You use your iPad to surf, watch movies, listen to music, read and play games. It is less likely that you engage in many “productive” type activities on Apple’s popular tablet, despite business apps that take the place of or complement similar programs on your PC or Mac. There are just too many hassles – you can’t run certain programs; there’s no physical keyboard; connectivity can be poor. You continue to schlep a laptop.
On Tuesday, Parallels – a company that made its mark letting folks run “virtualized” versions of the Microsoft Windows operating system on a Macintosh computer – launched a new subscription service called Parallels Access, which can help free you up so that the iPad is the only computer you take on the road.
Parallels Access lets you use an iPad to access your home or office PC or Mac from afar. Yeah, we’ve seen that sort of thing before. The big deal here is that you can use any and all of the programs that reside on your remote computers – the proprietary program your company uses, Microsoft Office, or Quicken on your PC at home. And you can interact with those applications on the tablet as if each were designed for the iPad.
You can start any PC or Mac “desktop” application on the iPad from a launcher screen. There’s an easy-to-access app switcher that lets you go from one program to another.
I tried Parallels Access on an Apple iMac, a Dell laptop running Windows 7 and a Microsoft Surface tablet PC running Windows 8. Parallels Access mainly delivered on its promise, though I certainly uncovered blemishes.
How it works
When Parallels “applifies” PC/Mac programs – the company’s lingo, not mine – the software is modified on the tablet to display iPad-style buttons for actions such as copy/paste/select. If you have an application open, it fills the entire iPad screen.

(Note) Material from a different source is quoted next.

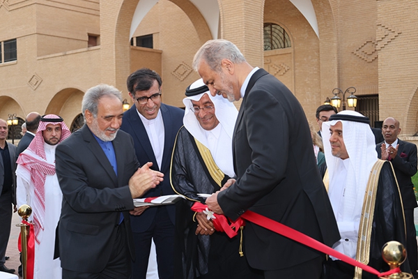 6月6日,在沙特阿拉伯利雅得,伊朗副外长比格德利(前右一)、沙特副外交大臣优素福(前右二)等出席伊朗驻沙特阿拉伯大使馆复馆仪式。新华社记者 王海洲 摄

You engage with these as you would most iPad apps, with various touch gestures substituting for the mouse actions on your computer. Tapping on the iPad is like clicking the mouse. A two-finger tap is the same as a right click. Spread and close your fingers to zoom in an out.
If you tap and hold your finger on the display when tweaking, say, a Microsoft Excel spreadsheet that resides on your computer, you’ll see a familiar iPad “magnifying glass” to magnify the text or numbers. Release your finger, and contextual buttons appear for such things as cut and copy and paste. In fact, you can copy something off your computer, and paste it into an iPad app, though the feature didn’t always work.
Using gestures, you can enlarge a column or picture, drag and drop, and scroll. You have the option to display a mouse pointer.
If you’re on a Mac running a Windows “virtual machine” through Parallels Desktop 8 for Mac, your PC programs will also be applified on the iPad.
Moreover, if the PC or Mac program can play music, you can hear those tunes on the iPad, too – and so as not to disturb the people back home or in the office, the sound won’t be heard there. Another helpful feature: You can use your voice to dictate text.
The keyboard issue
The lack of a physical keyboard on an iPad remains a primary reason why Parallels Access still isn’t a perfect solution in all cases. But Parallels thought this out. It supplies the appropriate onscreen keyboards with the dedicated special keys used on either a Mac or Windows keyboard. And you can always use Parallels Access with a wireless physical Blue-tooth keyboard.
To preserve your privacy, you can “lock” your PC or Mac to show a blank screen when you’re connected remotely. You can also require a password before anyone logs in. But the PC you’re connecting to remotely cannot be asleep, much less offline.
Not all the pain points have disappeared. Parallels claims that the service works well even in low bandwidth situations, but when my connectivity was lousy, so was Parallels’ performance.
Moreover, I was unable to access some of the proprietary software that I use in the office. Certain specific network “ports” must be opened, which might require intervention from your company’s IT department. Parallels Access must make nice with both the network that the computer is on and the network that the iPad is on.
To get started, you download a free app on the iPad from the App Store. You separately download an “agent” program on each PC or Mac that you want to access. The cost is $79.99 per year per remote computer, so the price can add up if you want to have access to multiple machines. You’ll need an iPad 2, 3 or 4, or an iPad Mini and a Mac running OS X (Mountain Lion, Lion, Mavericks) or a PC running Windows 7 or Windows 8.
Parallels Access is a promising step forward that can lighten your load. But you may not want to ditch the laptop just yet.